La pandémie des mauvaises idées et leur dépistage

La pandémie des mauvaises idées et leur dépistage

La pandémie actuelle a mis en lumière qu’un test de dépistage n’offre pas une certitude absolue. En effet, dans une population où la maladie est encore peu présente, les « faux positifs » (test positif malgré l’absence d’infection) sont nombreux. Il en va de même pour les tests statistiques utilisés par les chercheurs. Si les hypothèses testées sont peu probables, les « faux positifs » sont nombreux

Prenons en médecine l’exemple du test de détection de cancer du sein. Celui -ci est éclairant pour comprendre les paramètres clés de l’efficacité d’un test donné (probabilité d’être malade si le test est positif).

10000 personnes sont testées pour une maladie. 1% de la population est affectée par cette maladie, c’est-à-dire 100 personnes. La prévalence est faible. Un test est utilisé pour détecter la maladie. Dans 95% des cas (spécificité), le test indiquera si une personne n’a pas cette maladie s’il y a bien absence de maladie.  Dans 80% des cas (sensibilité), le test confirmera la maladie s’il y a bien présence de la maladie.  Quelle est la probabilité d’un “faux positif ” ?

 C’est la fraction des faux positifs dans l’ensemble des tests signalant la présence de la maladie : 495 (faux positifs) / (495 faux positifs+80 vrais positifs) =86%.

Dit autrement, la probabilité d’un vrai positif est seulement de 14%, ce qui rend le test problématique.

 Imaginons maintenant que la prévalence de la maladie est de 50%. Dans cette hypothèse, 5000 personnes ont vraiment la maladie. Celle-ci est détectée chez 4000 personnes et faussement détectée chez 250 personnes. La probabilité d’un faux positif est (250) /4250=6% et, par conséquent, la probabilité d’un vrai positif, la valeur positive prédictive, est de 94%. La prévalence de la maladie est donc un facteur clé qui détermine l’efficacité du test.

Les tests statistiques dans les études académiques peuvent être interprétés de la même manière qu’un test de dépistage du cancer du sein, avec pour différence que la spécificité et la sensibilité sont appelées respectivement significativité statistique et puissance statistique. Tout comme dans l’exemple ci-dessus, un résultat dit significatif n’est pas forcément preuve d’un effet réel mais peut tout simplement être un faux positif. Là encore, la prévalence de l’effet attendu, ici la probabilité ex ante que l’hypothèse examinée soit correcte, est primordiale.
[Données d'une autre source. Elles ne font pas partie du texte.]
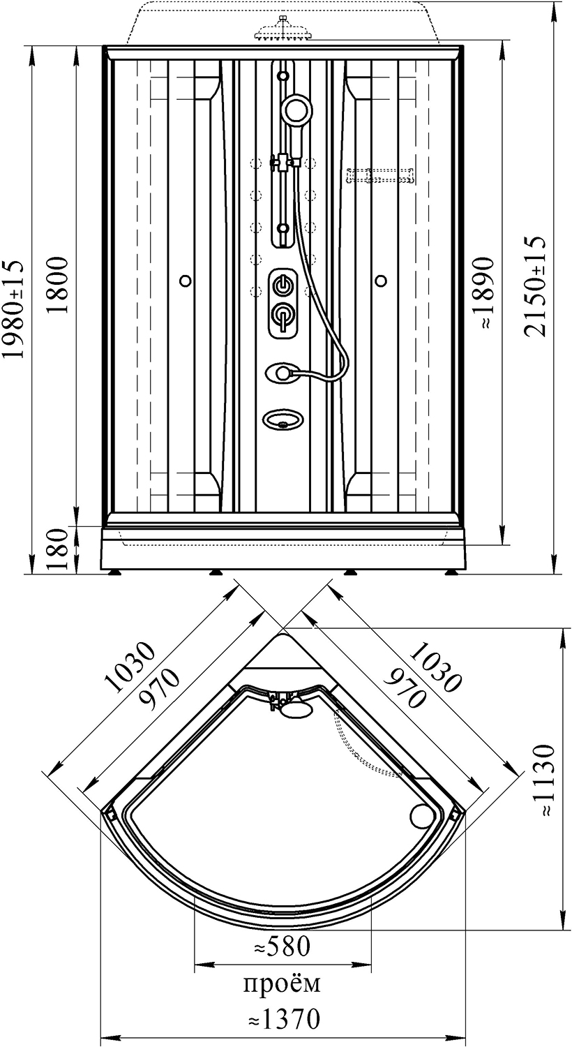 В комплекте поставки: душевая кабина, ручной душ, смеситель, поддон, каркас поддона.
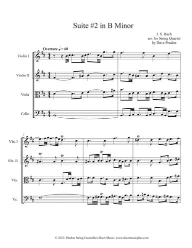 String Quartet String Quartet - Level 4 - Digital Download SKU: A0.732772 Composed by Johann Sebastian Bach. Arranged by Dave Prudon. Baroque,Christmas,Easter,Sacred,Wedding. Score and parts. 30 pages. Prudon String Ensembles #6690273. Published by Prudon String Ensembles (A0.732772). String Quartets will love playing this nicely-written arrangement of the Overture from Bach's Suite #2 in B Minor.  The majesty of the opening adagio section coupled with the excitement of the following Allegro, makes this arrangement a thrill to play.  Since this arranger is a former orchestral violinist, he carefully laid out the parts in such a way as to eliminate nasty page turns.  To see other Baroque masterpieces arranged for String Quartet, along with many other string arrangements, take a peek at:  Prudon String Ensembles Sheet Music, here on SMP.com. This product was created by a member of ArrangeMe, Hal Leonard’s global self-publishing community of independent composers, arrangers, and songwriters. ArrangeMe allows for the publication of unique arrangements of both popular titles and original compositions from a wide variety of voices and backgrounds. About Digital Downloads Digital Downloads are downloadable sheet music files that can be viewed directly on your computer, tablet or mobile device. Once you download your digital sheet music, you can view and print it at home, school, or anywhere you want to make music, and you don’t have to be connected to the internet. Just purchase, download and play! PLEASE NOTE: Your Digital Download will have a watermark at the bottom of each page that will include your name, purchase date and number of copies purchased. You are only authorized to print the number of copies that you have purchased. You may not digitally distribute or print more copies than purchased for use (i.e., you may not print or digitally distribute individual copies to friends or students).

Contrairement à la prévalence d’une maladie, cette probabilité n’est pas un chiffre connu basé sur une régularité statistique. La crédibilité des résultats d’une étude, aussi spectaculaires soient-ils, dépendent alors de la plausibilité de l’hypothèse testée. En d’autres termes, la réflexion doit primer la statistique.

C’est pourquoi il est nécessaire de développer un cadre théorique cohérent où les effets attendus sont clairement isolés et mis en avant, conduisant à des hypothèses spécifiques testables et falsifiables. Les scientifiques sont parfois ridiculisés pour l’abstraction de leurs modèles, peuplés de « vaches sphériques ». Cependant, l’économiste Dani Rodrik explique qu’il est extrêmement difficile de comprendre le fonctionnement d’un monde complexe sans tenter de le réduire à ses éléments les plus pertinents pour répondre à une question précise.  Sans cadre conceptuel, toutes les hypothèses sont admises mais, en l’absence de contraintes théoriques, beaucoup d’entre elles seront fausses.  Au contraire, une théorie bien réfléchie et solidement ancrée dans plusieurs domaines scientifiques réduit le risque de trouver statistiquement un effet qui n’existe pas. Cela permet d’éviter d’argumenter que les ouragans avec des noms féminins sont plus meurtriers que les ouragans avec des noms masculins !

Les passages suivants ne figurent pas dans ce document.